Segment Start: Material for this exercise

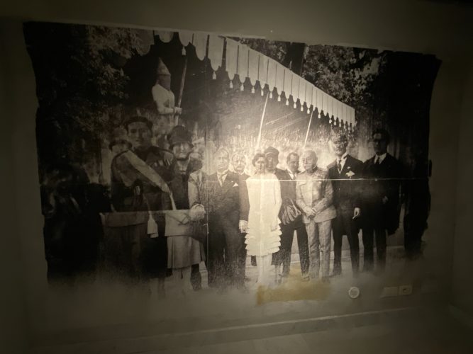 Scenderete per alcuni gradini e vi troverete nel primo ambiente, il rifugio antiaereo. Siamo a pochi metri di profondità sotto la sala da ballo del Casino Nobile. Vi immergerete nell’atmosfera degli anni precedenti alla guerra, grazie alle foto della famiglia Mussolini che qui aveva la sua residenza. Un serie di video dell’Istituto Luce del tempo vi racconteranno brevemente gli incontri di Mussolini con personaggi famosi del tempo prima della guerra, il matrimonio della figlia Edda con Galeazzo Ciano nel 1930 e la creazione degli orti di guerra durante il secondo conflitto mondiale.
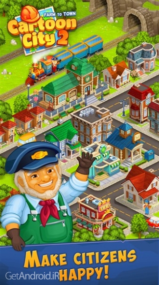 Cartoon city 2 یک بازی کژوال از استودیوی بازیسازی foranj می باشد که در مارکت اندروید بصورت رایگان منتشر شده است. شهر خود را بسازید و خانه خود را ایجاد کنید و آن را با دکورهای مختلف تزئین کنید و خیابان ها را زیبا کنید. در مزرعه های روستایی در نزدیکی شهر گندم، ذرت بکارید و گاو و مرغ پرورش دهید. براساس تصمیمات خود یک شهر رویایی بسازید. در شهر خود خیابان، جاده، پیاده رو ایجاد کنید و گل ها و گیاهان مختلف بکارید و بدین ترتیب شهروندان، دوستان و ساکنان آن را خوشحال کنید. ده ها منظره، کافه، رستوران، ویلا و خانه ایجاد کنید و کالاهای خود را با قطار به شهرهای همسایه ببرید و بدین ترتیب صدها ماموریت را تکمیل کنید. پس شهر خود را به بهترین و دلپذیرترین شهر در جهان تبدیل کنید.
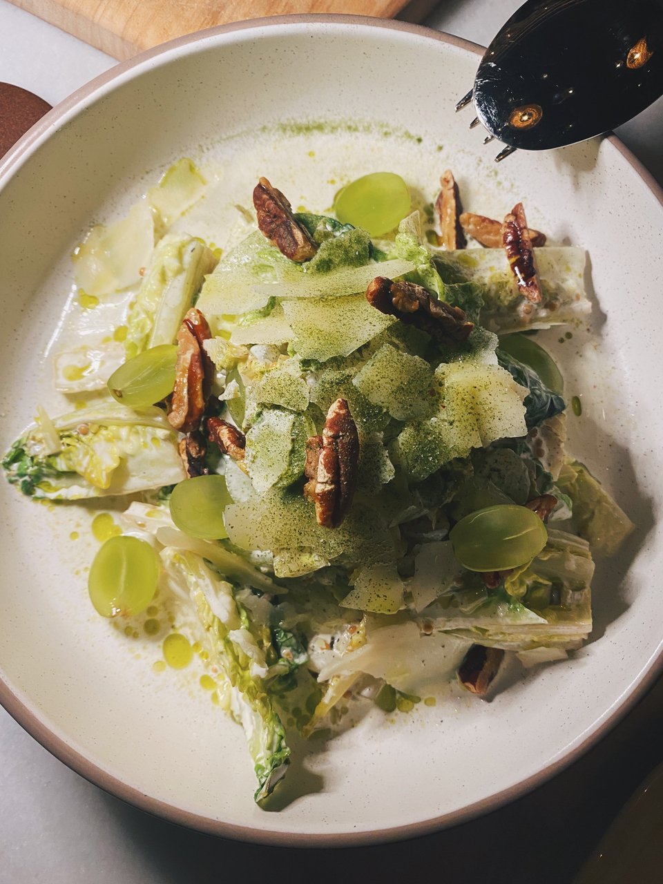 Από σαλάτες επιλέξαμε μια πράσινη: τη δροσερή και ντελικάτη Baby Gem με καρδιές μαρουλιού με μια μαγιονέζα από αγγούρι σε ζύμωση, τηγανητά πεκάν, σταφύλι, σκόνη από φύκι και παλαιωμένη γραβιέρα Ρεθύμνου.
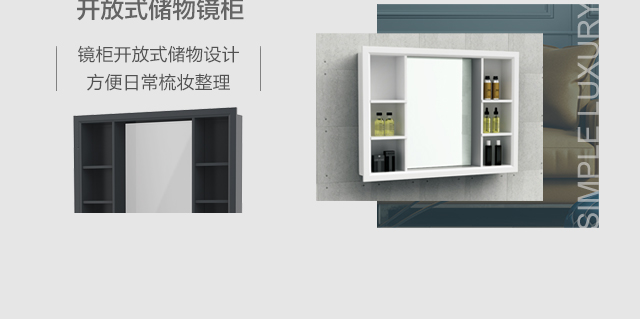镜柜开放式储物设计,方便日常梳妆整理
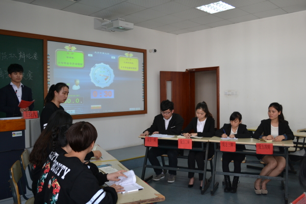 此次的辩论赛的辩题是“专升本毕业与大专就业哪个更好”,正方是营销队,反方是三角函数队。首先,主持人对正反方辩手友好问候后,辩手们都一一站起来向评委和观众们问好。其次,主持人宣布比赛规则后,比赛正式开始。首先分别由正方一辩和反方一辩发表陈词。双方观点明确,不分输赢。在第二环节时由正方三辩对反方二辩提问时把现场气氛推向高潮。犀利的提问,尖锐的视角让在座的评委老师也赞叹不已。在自由辩论环节,双方辩友都对对方观点中的漏洞一针见血,谁也不让着谁,尤其是营销队三辩的回答和措辞把三角函数队步步逼近,不免让对方感到压力。
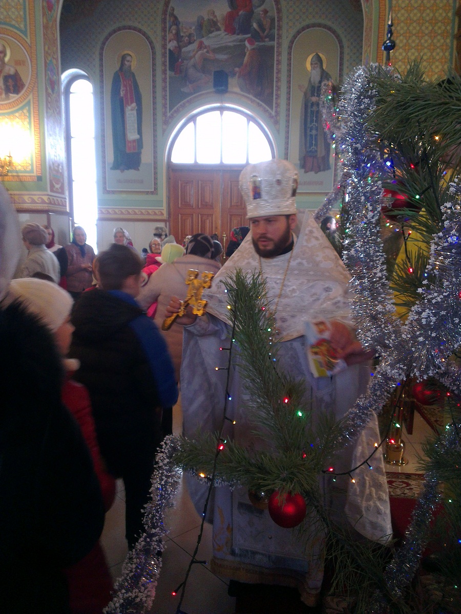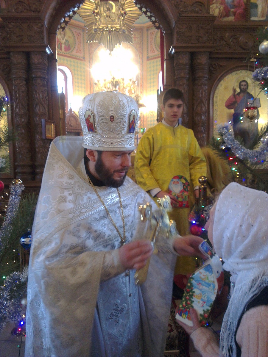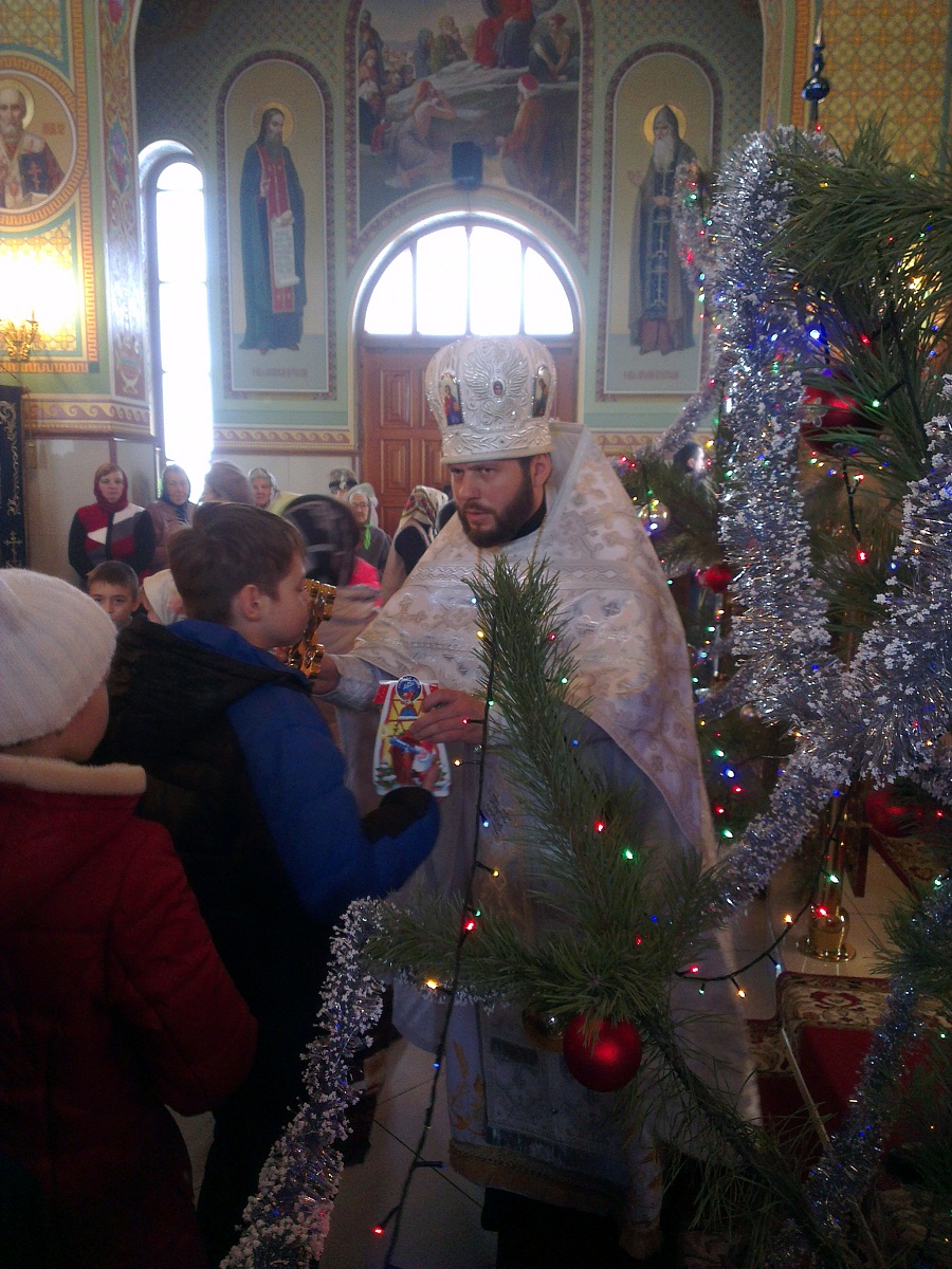 На Божественную Литургию в наш храм пришло множество людей, чтобы прославить Господа, поклониться Новорожденному Богомладенцу, причаститься Святых Христовых Тайн. Настоятель храма протоиерей Андрей Карпец поздравил всех прихожан с великим и радостным праздником. По окончании Божественной Литургии батюшка поблагодарил всех за совместную молитву и раздал прихожанам сладкие подарки.
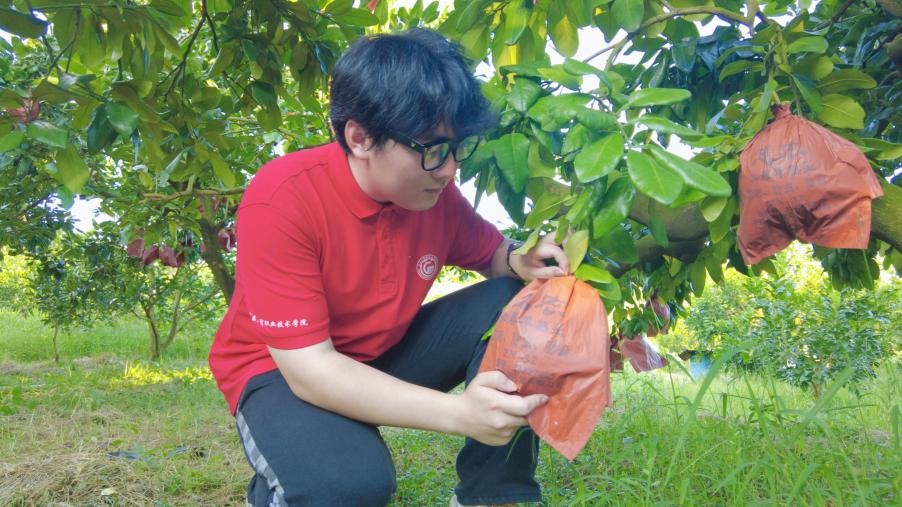 突击队成员在沙田柚种植基地给柚子“穿衣”
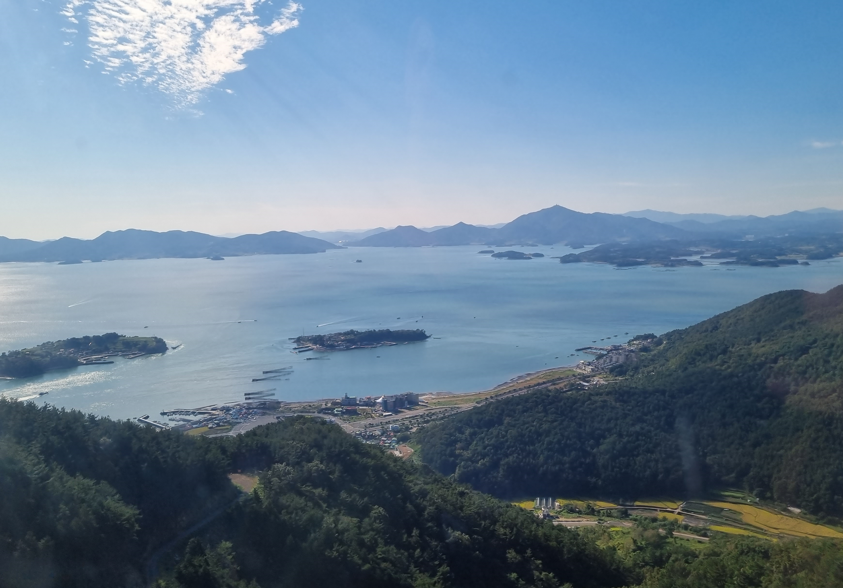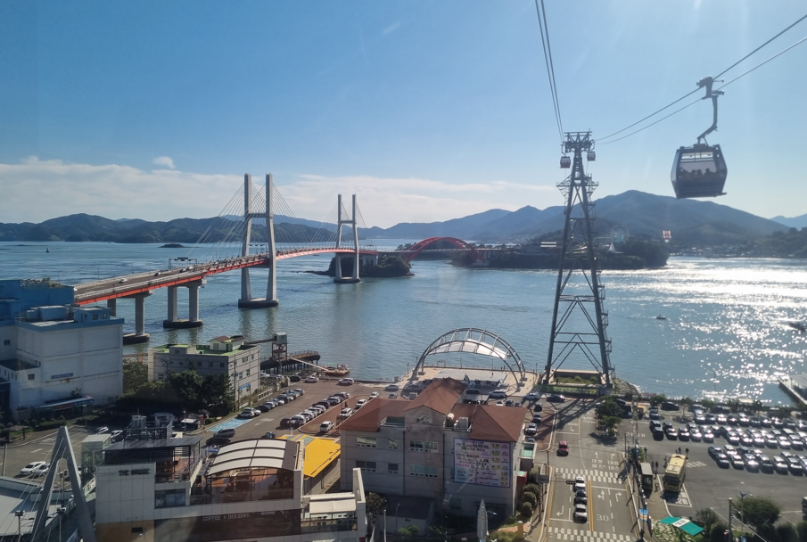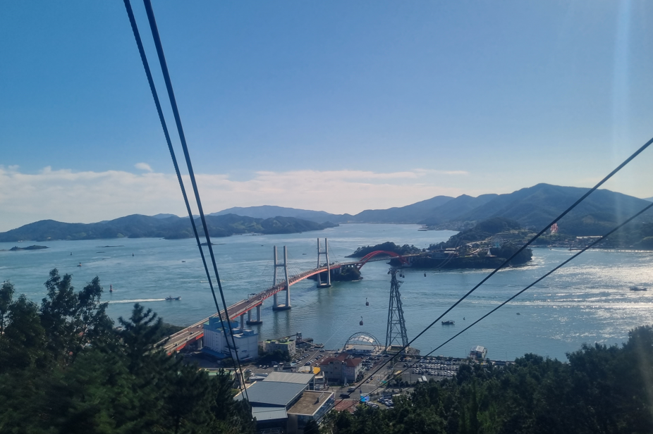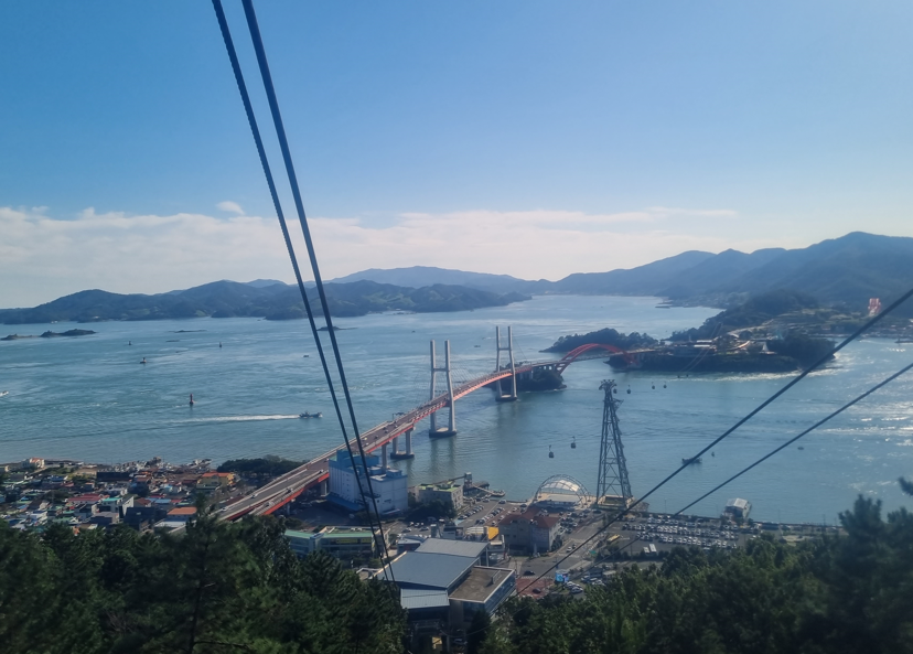 케이블카가 출발하고 점점 높이 올라갈수록 바람이 불어오는 소리와 함께 사천의 풍경이 시원하게 펼쳐졌습니다. 케이블카 안에서 바라본 한려해상 국립공원의 절경은 정말 멋있었습니다. 초양정류장에 도착하니 푸른 바다와 초양섬의 자연이 어우러져 아름다운 풍경을 만들어 냈습니다.
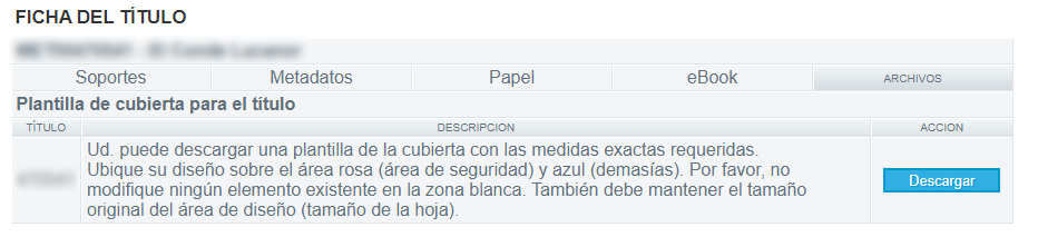 Para subir la cubierta de un título puede usar la plantilla que Bibliomanager pone a su disposición a través del área de Mis títulos / Administración de títulos / Título / Archivos, tal y como puede ver en la siguiente imagen.
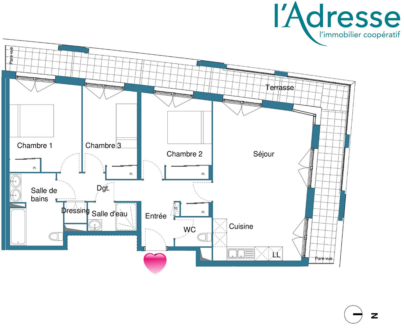 Votre agence l'Adresse vous invite à entrer dans votre nouveau logement sans plus attendre en cliquant sur le lien de visite virtuelle: https://www.hdmedia.fr/visite-virtuelle/hd/cbptbpLSyb-app-neuf-4-pieces.html
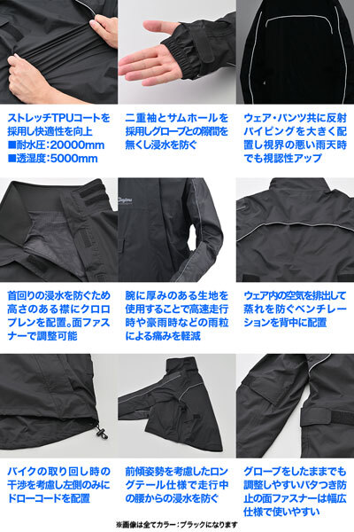 | ●ライダーが濡れないことを最優先に考えた、バイク用 防水・透湿 高性能レインウェア ジャケットは、動きやすいストレッチ生地を使用し、斜めに配置したフロントフラップがファスナーからの浸水を防止。首元には内側がクロロプレン素材の高い襟を採用し、袖口は二重袖とサムホール、裾は二重裾とドローコードで雨滴の侵入を防ぎます。背中のベンチレーションがムレを防ぎ、バタツキを防ぐ幅広の面ファスナーはグローブでも使いやすい設計です。パンツは、摩耗に強いPVCコート生地を使用し、裾はロングブーツでも履きやすい幅広の面ファスナー仕様。熱に強い綿生地のマフラーガードも装備しています。腕とひざには厚手の生地を使うことで雨滴による痛みを軽減。雨天時の視認性を高める反射パイピングも装備しました。収納袋は完全防水仕様で、小物バッグとしても利用可能です。 ■ジャケット [ 動きやすいストレッチ生地 ] 快適性向上のためストレッチTPUコート生地を採用。耐水圧20,000mm、透湿度5,000mm。 [ 斜めファスナーフラップで浸水を防ぐ ] ファスナーフラップを斜めにしたことで雨滴が流れ落ち、ファスナーからの浸水を防ぐ。 [ 腹部からの浸水を防ぐ ] 雨滴の溜まる腹部からファスナーをずらすことで、ファスナーからの浸水を防ぐ。 ■パンツ [ PVCをコートした高耐久性生地 ] シートとの摩耗が激しい下半身はPVCコートの高耐久性生地を採用。耐水圧20,000mm ■仕様 ・カラー:イエロー ・サイズ:L(身長170~180 / バスト92~100 / ウエスト79~94 / 股下85(cm)) ・ジャケット:素材 - ポリエステル100%、TPUコート(裏地)/ 初期耐水圧 - 20000mm JIS L1092 B法 / 初期透湿度 - 5000mm JIS L1099 B-1法 ・パンツ:素材 - ポリエステル100%、PVCコート(裏地)/ 耐水圧 - 20000mm JIS L1092 B法 ※身長は目安であり、体型によりあてはまらない場合があります。 ※バスト、ウエストはデイトナ社独自の計測方法に基づく寸法となります。 ※バスト、ウエストは商品の下に着るウエアの上から計測ください。 ※実際の商品は個体差が生じる場合があります。 ※サイズ交換は承れません。ご注文前に必ずサイズをご確認下さい。 ※取り寄せ品 |
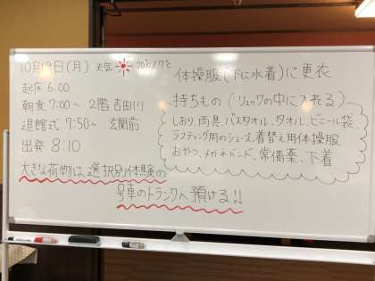 明日の予定をホワイトボードに旅行会社の方が書いていただきました。
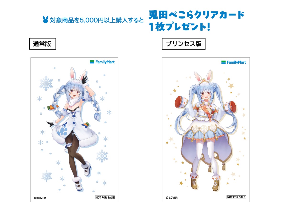 「兎田ぺこら × ファミリーマート全国」では、対象商品を5,000円(税込)以上購入した方に「兎田ぺこらクリアカード」を1枚プレゼント。
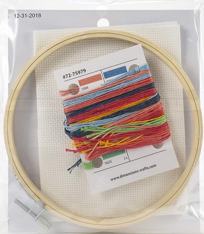 The enclosed bamboo stitching hoop doubles as a frame for displaying your completed project.
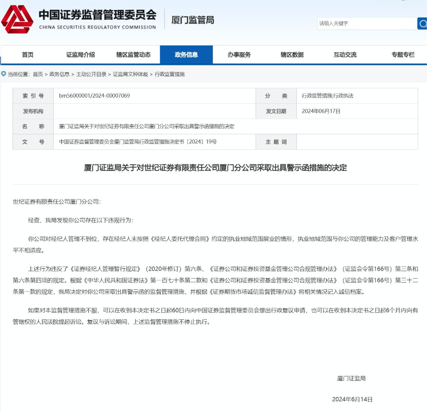 具体来看,6月14日,厦门证监局决定对世纪证券厦门分公司采取出具警示函的监督管理措施,并根据《证券期货市场诚信监督管理办法》将相关情况记入诚信档案。
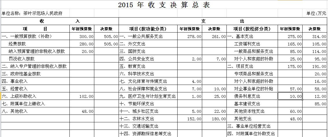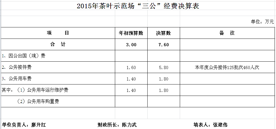 2015年茶叶示范场收支决算总表及“三公”经费决算表
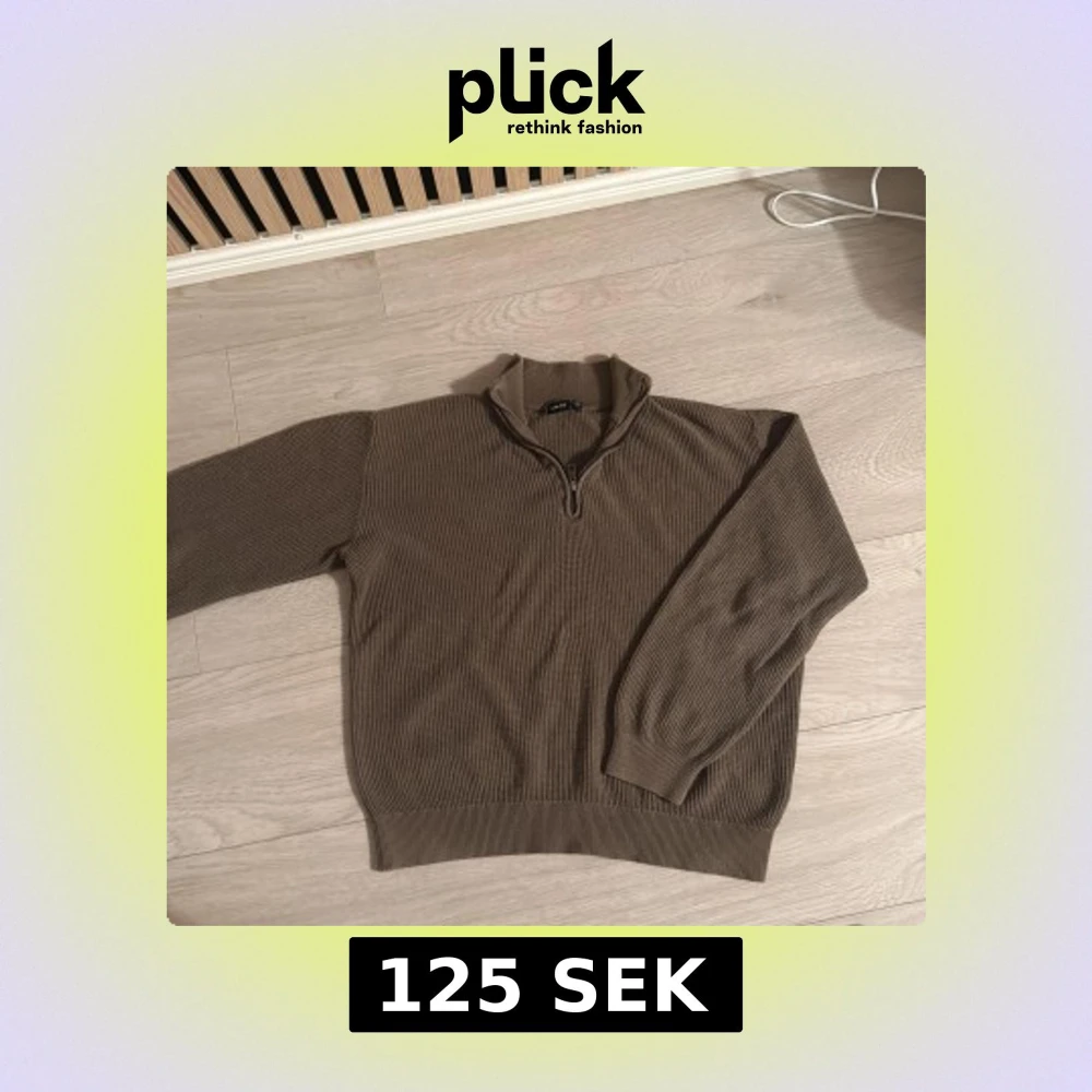 Snygg brun stickad tröja i storlek XS. Tröjan har en ribbad struktur och en praktisk half zip-dragkedja vid kragen. Perfekt för lager-på-lager och chill stil. Långärmad och med breda muddar vid ärmslut och nederkant.

Segment End: Material for this exercise

◆ **Task directions**
Reproduce the data above exactly, but only from the line containing "На Божественную Литургию" through the line containing "케이블카가 출발하고 점점"; skip the pictures.

◆ **Result for this exercise**
 На Божественную Литургию в наш храм пришло множество людей, чтобы прославить Господа, поклониться Новорожденному Богомладенцу, причаститься Святых Христовых Тайн. Настоятель храма протоиерей Андрей Карпец поздравил всех прихожан с великим и радостным праздником. По окончании Божественной Литургии батюшка поблагодарил всех за совместную молитву и раздал прихожанам сладкие подарки.
 突击队成员在沙田柚种植基地给柚子“穿衣”
 케이블카가 출발하고 점점 높이 올라갈수록 바람이 불어오는 소리와 함께 사천의 풍경이 시원하게 펼쳐졌습니다. 케이블카 안에서 바라본 한려해상 국립공원의 절경은 정말 멋있었습니다. 초양정류장에 도착하니 푸른 바다와 초양섬의 자연이 어우러져 아름다운 풍경을 만들어 냈습니다.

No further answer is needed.